Era San Nilo giunto all'età decrepita di sopra 90 anni, e aspettava ogni momento il suo passaggio da quest'esilio alla patria celeste, quando seppe, che il principe di Gaeta aveva risoluto, morto ch'ei fosse, di trasferire il suo corpo con grande onore nella sua città, poiché sperava di ottenere per mezzo di quelle reliquie una speciale protezione del cielo alla medesima città. San Nilo pertanto, che aveva un sommo disprezzo di sé stesso, e aborriva ogni sorta di onorificenza agli occhi del mondo, e in vita e dopo morte, si partì da quel luogo con alcuni de' suoi monaci, e preso il cammino verso Roma, si fermò in un piccolo monastero, detto Sant'Agata, posto nel territorio di Tusculo, chiamato dipoi Frascati, dove dimoravano alcuni monaci greci. - Il conte Gregorio, padrone di Tusculo, ciò risaputo, andò a trovare il santo, e gettatosi a' suoi piedi, lo pregò istantemente ad accettare quel sito, che più gli fosse a grado, per sé e pei suoi compagni.
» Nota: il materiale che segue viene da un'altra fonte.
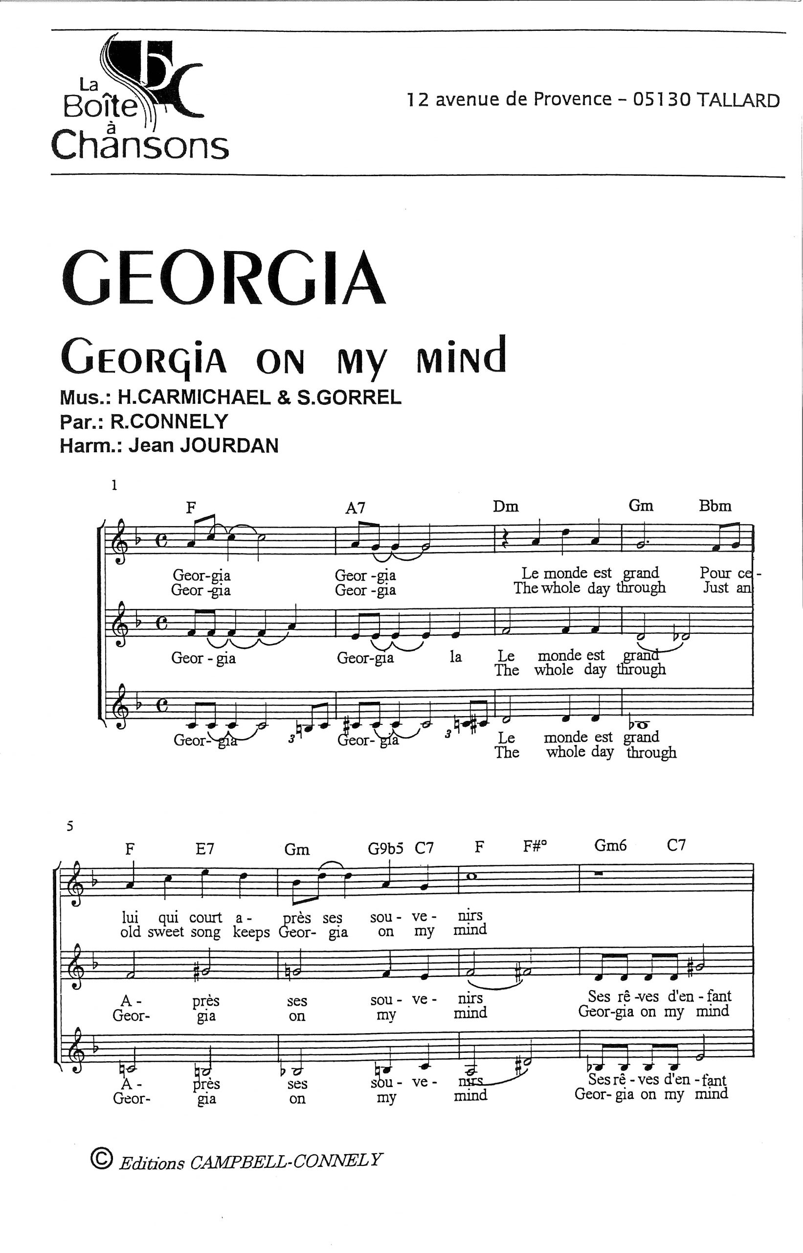 Paroles et musique de CONNELY/CARMICH/GORREL Harmonisation : Jean JOURDAN

Accettò il santo questa offerta, e stabilì la sua dimora in un luogo solitario, detto Grotta Ferrata, dove vennero eziandio ad unirsi colo loro beato maestro e padre tutti i monaci, ch'erano rimasti a Serperi, e quivi dopo la sua morte fu poi edificato il celebre monastero di Grotta Ferrata, nel quale fino a' giorni nostri si osserva da' monaci che vi dimorano la regola di san Basilio, e si celebrano i divini uffizi in lingua greca, in memoria e venerazione di san Nilo loro istitutore. Finalmente il santo consumato dagli anni della sua decrepita età, ch'era di 95 anni, e dalla sue penitenze, nelle quali aveva perseverato per lo spazio di 65 ani dopo la sua conversione, rendé placidamente lo spirito al suo Creatore ai 26 settembre dell'anno 1005, avendo prima di morire ordinato a' suoi monaci, che subito, che fosse spirato, seppellissero il suo corpo senz'alcuna pompa funebre, e senza che apparisse segno alcuno che indicasse il luogo ove giaceva sepolto.

I lavori dell'abbazia vennero terminati qualche anno dopo la morte di San Nilo, sotto San Bartolomeo. Essa divenne un punto di riferimento per la cultura greca in Italia e la conservazione del rito bizantino nella Chiesa cattolica romana. Nel corso del millennio della sua esistenza ha annoverato una forte presenza di monaci di origine albanese svolgendo un importante ruolo nella conservazione, diffusione e sviluppo della cultura arberesh: la sua biblioteca e i suoi archivi sono una fonte inesauribile di notizie tanto di carattere linguistico che storico.